**Requirement**
Begin at the top of the entries below and write out every line through the one containing "The Packers are", excluding pictures.

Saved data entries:
══════════
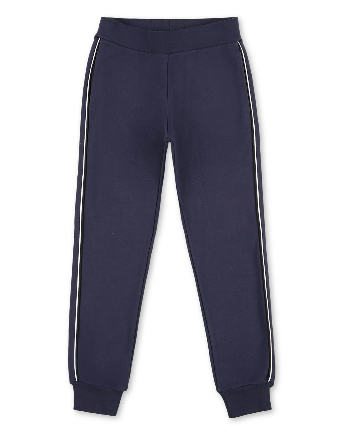 The brand’s monogram is the key feature of these polyester techno-fabric jogging pants. As a matter of fact it is embroidered under the right rear pocket. They also feature contrasting piping and two slit front pockets. Both waistband with drawstring and bottom cuffs are ribbed.
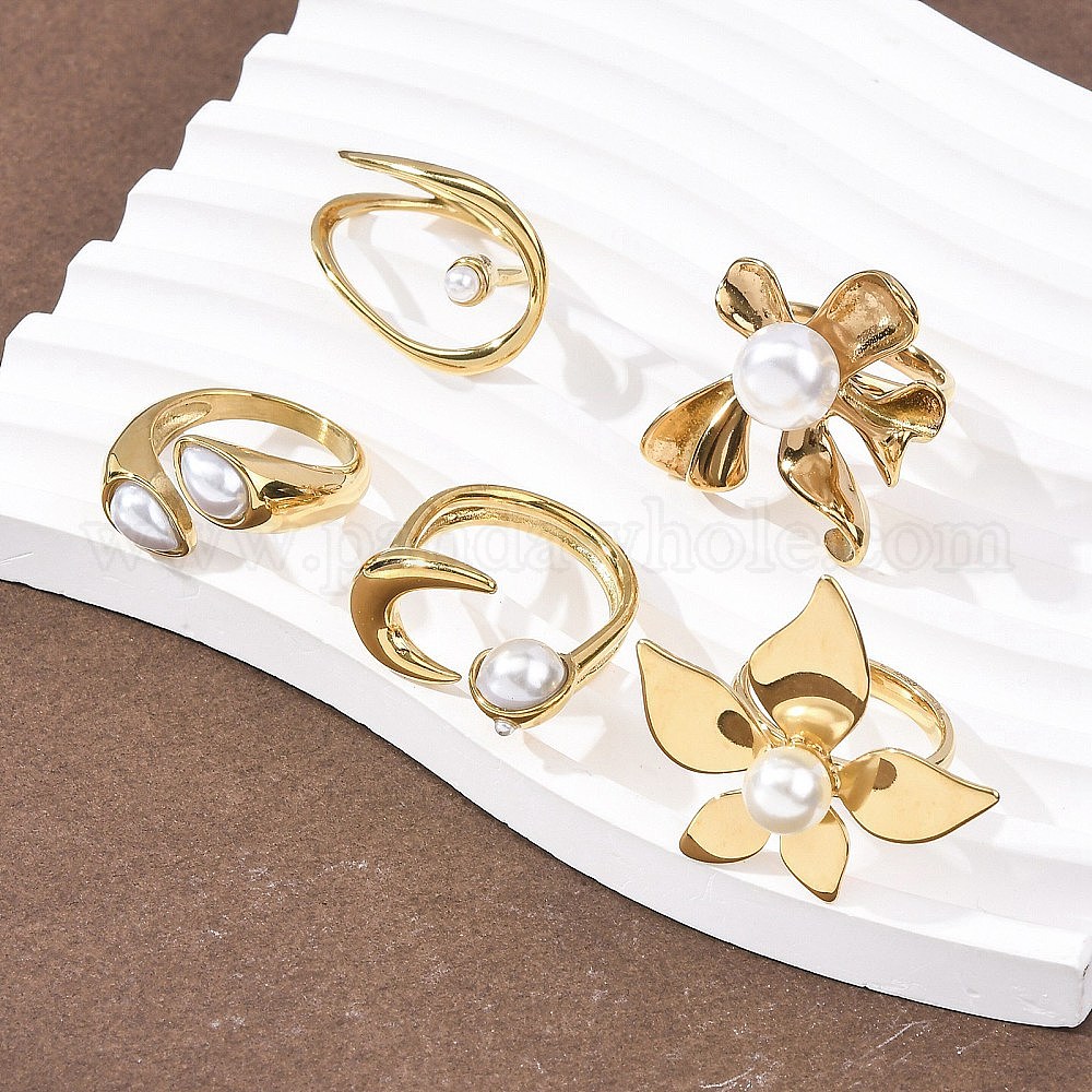 • Цветок Непрозрачные акриловые кольца с имитацией жемчуга, с 304 фурнитурой из нержавеющей стали, ионное покрытие (ip), реальный 18 k позолоченный, цветок, внутренний диаметр: 17 мм, Поверхность: 25x28 мм
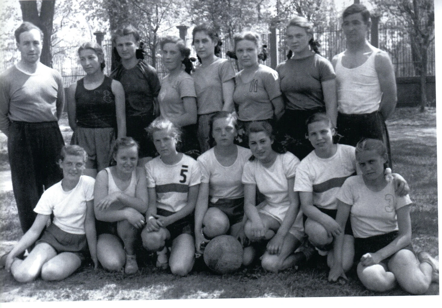 1949 год. Сборная Москвы среди девочек с тренером Александром Зининым. Сидит пятая слева — Нина Арцишевская
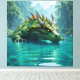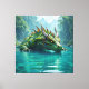 Ein uralter, mit Moos bewachsener Drache ruht friedlich im kristallklaren Wasser eines Bergsees. Seine Schuppen glänzen grün wie Smaragde, während geheimnisvolle Runen seinen Rücken zieren. Umgeben von majestätischen Alpen und dichter Tannenlandschaft, scheint dieses mythische Wesen über das Tal zu wachen – mächtig, weise und unantastbar.
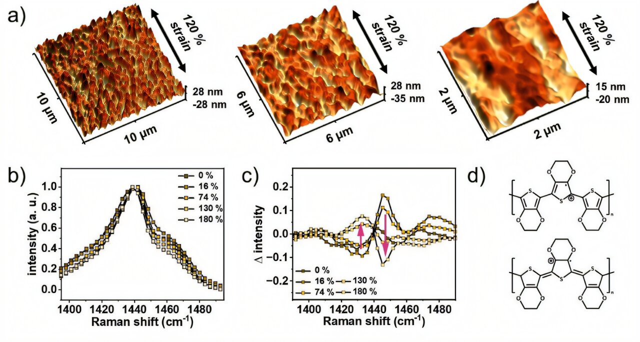 The approach furthermore enables fundamental insights into the behavior of stretchable electronic materials. Combining various analytical methods—including electrical characterization, microscopic imaging, atomic force microscopy, and Raman spectroscopy—the researchers were able to gain new insights into the morphological and electronic changes of PEDOT:PSS under strain.
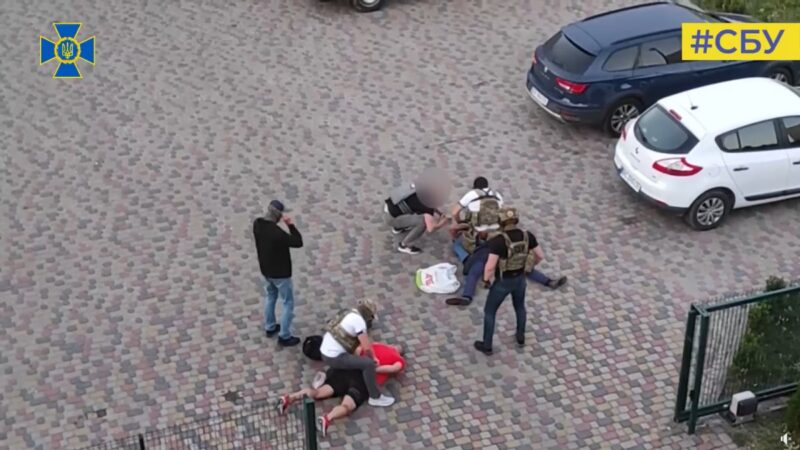 【新!唐!人:北京时间2022年08月09日讯】乌克兰安全局(SBU)8日公布影片,两名身穿便衣的男子正要走近一辆车时,遭多名全副武装的人员压制并上铐。SBU表示,这两名是计划暗杀乌克兰国防部长与情报首长的俄罗斯探员。
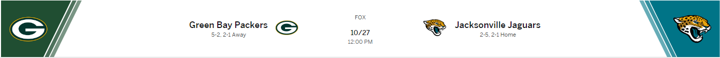 The Packers are a middle-of-the-road defense in essentially every category but are tops in the league by taking the ball away, even after not getting a single turnover in their last game. Jacksonville is very good at not giving the ball away (7 giveaways) ranking T-8th. Green Bay and Jordan Love should have a great opportunity to have a big game through the air considering the Jags rank 2nd-to-last in the NFL in passing yards surrendered, with 273.9 yards/game. The Jags are also getting scorched in Points Given Up, ranking 2nd-to-last in that category as well. This is due to Jacksonville ranking 24th in 3rd Down Conversion rate at 34.18%, while Green Bay ranks 13th (40.48%), per teamrankings.com.
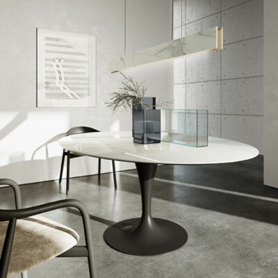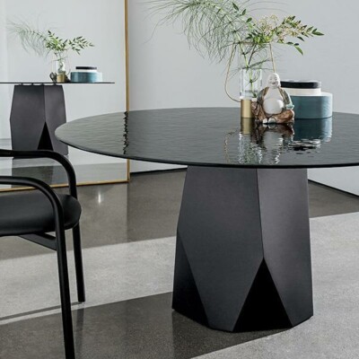 Jídelní stůl Deod představuje tvary a materiály, které jsou v přirozené rovnováze geometrie díky ikonické základně inspirované liniemi Dolomit.
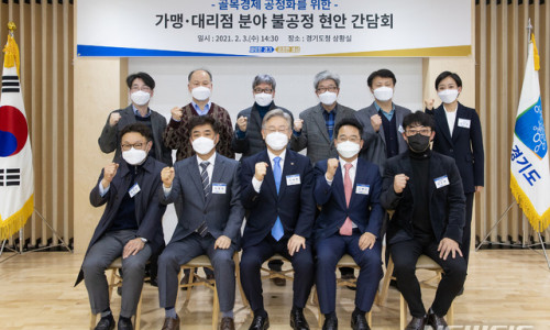 [수원=뉴시스] 이병희 기자 = 이재명 경기도지사가 가맹·대리점 분야 불공정 피해점주들과 만나 "경기도 차원의 조사 요청과 수사 의뢰 등 필요한 것들을 해나가겠다"고 밝혔다. 이 지사는 3일 경기도청에서 가맹·대리점
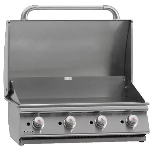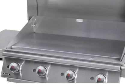 Like all of Bull’s products, the 30" Bull Commercial Style Griddle is constructed of 304 stainless steel and uses four burners to produce 60,000 BTUs of power under a chromium plated griddle designed to withstand its intended outdoor application. The unit is 30" wide so it will fit in most outdoor kitchens and is available in both LP and NG versions.
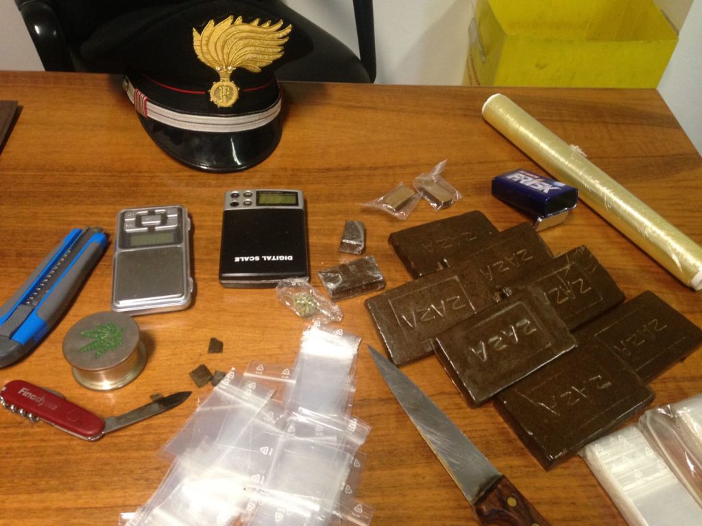 I Carabinieri di Santena e Poirino hanno tratto in arresto in flagranza un cittadino di Poirino, T.M. cl. 87, disoccupato, incensurato. I militari, durante un servizio di controllo del territorio congiunto in via Asti di Santena, hanno proceduto al controllo di un veicolo con a bordo il predetto; il controllo veniva esteso anche all’abitazione del soggetto, il quale consegnava spontaneamente ai militari nr. 7 tavolette di sostanza stupefacente del tipo “hashish” per un peso complessivo di circa 800 grammi, nr. 2 bilancini di precisione, circa 150 bustine in cellophane e altro materiale atto per il confezionamento. Il soggetto è stato tratto in arresto per “detenzione ai fini di spaccio” e sottoposto agli “arresti domiciliari” presso propria abitazione residenza, cosi’ come disposto dall’Autorita’ Giudiziaria.
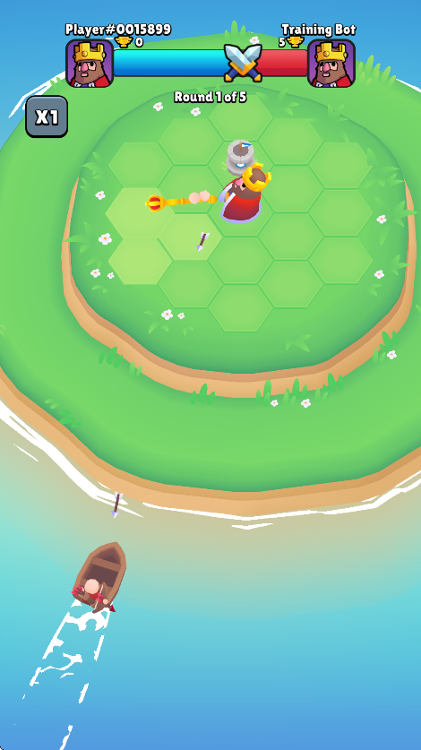 1. 核心玩法:玩家通过点击“battle”按钮开启关卡,初始选择一张卡牌放置在战场方块上,国王旋转时经过建筑会自动召唤小兵攻击敌人。消灭每波敌人后可获得新卡牌,相同卡牌可合并升级,提升小兵战斗力。
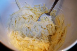 - (100 total grams freshly shredded parmesan romano – split) 60 grams parmesan romano (about 2.10 oz) / later another 40 grams parmesan romano (about 1.4 oz)
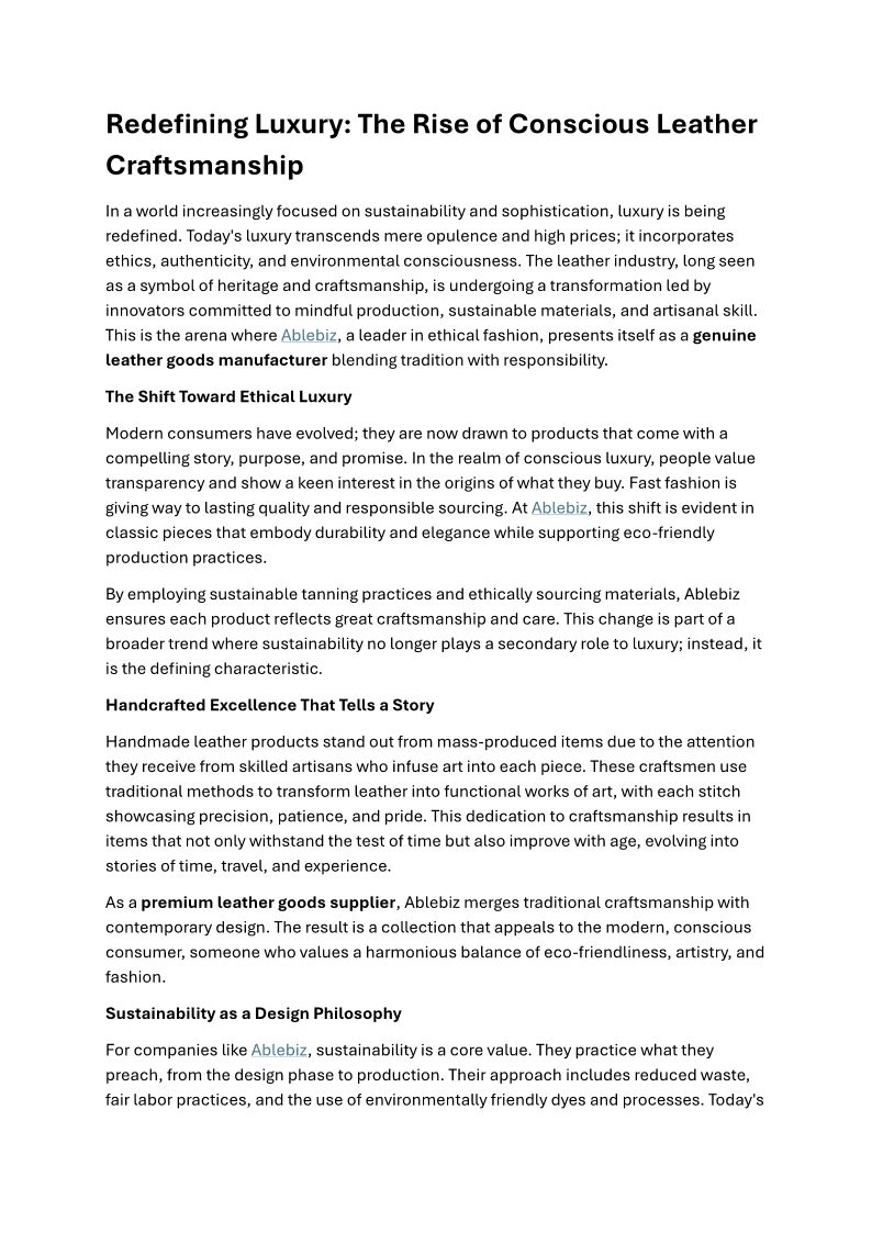 AbleBiz is a premium leather brand crafting timeless, high-quality products that blend traditional craftsmanship with modern design and lasting durability.
══════════
**Result**
 The brand’s monogram is the key feature of these polyester techno-fabric jogging pants. As a matter of fact it is embroidered under the right rear pocket. They also feature contrasting piping and two slit front pockets. Both waistband with drawstring and bottom cuffs are ribbed.
 • Цветок Непрозрачные акриловые кольца с имитацией жемчуга, с 304 фурнитурой из нержавеющей стали, ионное покрытие (ip), реальный 18 k позолоченный, цветок, внутренний диаметр: 17 мм, Поверхность: 25x28 мм
 1949 год. Сборная Москвы среди девочек с тренером Александром Зининым. Сидит пятая слева — Нина Арцишевская
 Ein uralter, mit Moos bewachsener Drache ruht friedlich im kristallklaren Wasser eines Bergsees. Seine Schuppen glänzen grün wie Smaragde, während geheimnisvolle Runen seinen Rücken zieren. Umgeben von majestätischen Alpen und dichter Tannenlandschaft, scheint dieses mythische Wesen über das Tal zu wachen – mächtig, weise und unantastbar.
 The approach furthermore enables fundamental insights into the behavior of stretchable electronic materials. Combining various analytical methods—including electrical characterization, microscopic imaging, atomic force microscopy, and Raman spectroscopy—the researchers were able to gain new insights into the morphological and electronic changes of PEDOT:PSS under strain.
 【新!唐!人:北京时间2022年08月09日讯】乌克兰安全局(SBU)8日公布影片,两名身穿便衣的男子正要走近一辆车时,遭多名全副武装的人员压制并上铐。SBU表示,这两名是计划暗杀乌克兰国防部长与情报首长的俄罗斯探员。
 The Packers are a middle-of-the-road defense in essentially every category but are tops in the league by taking the ball away, even after not getting a single turnover in their last game. Jacksonville is very good at not giving the ball away (7 giveaways) ranking T-8th. Green Bay and Jordan Love should have a great opportunity to have a big game through the air considering the Jags rank 2nd-to-last in the NFL in passing yards surrendered, with 273.9 yards/game. The Jags are also getting scorched in Points Given Up, ranking 2nd-to-last in that category as well. This is due to Jacksonville ranking 24th in 3rd Down Conversion rate at 34.18%, while Green Bay ranks 13th (40.48%), per teamrankings.com.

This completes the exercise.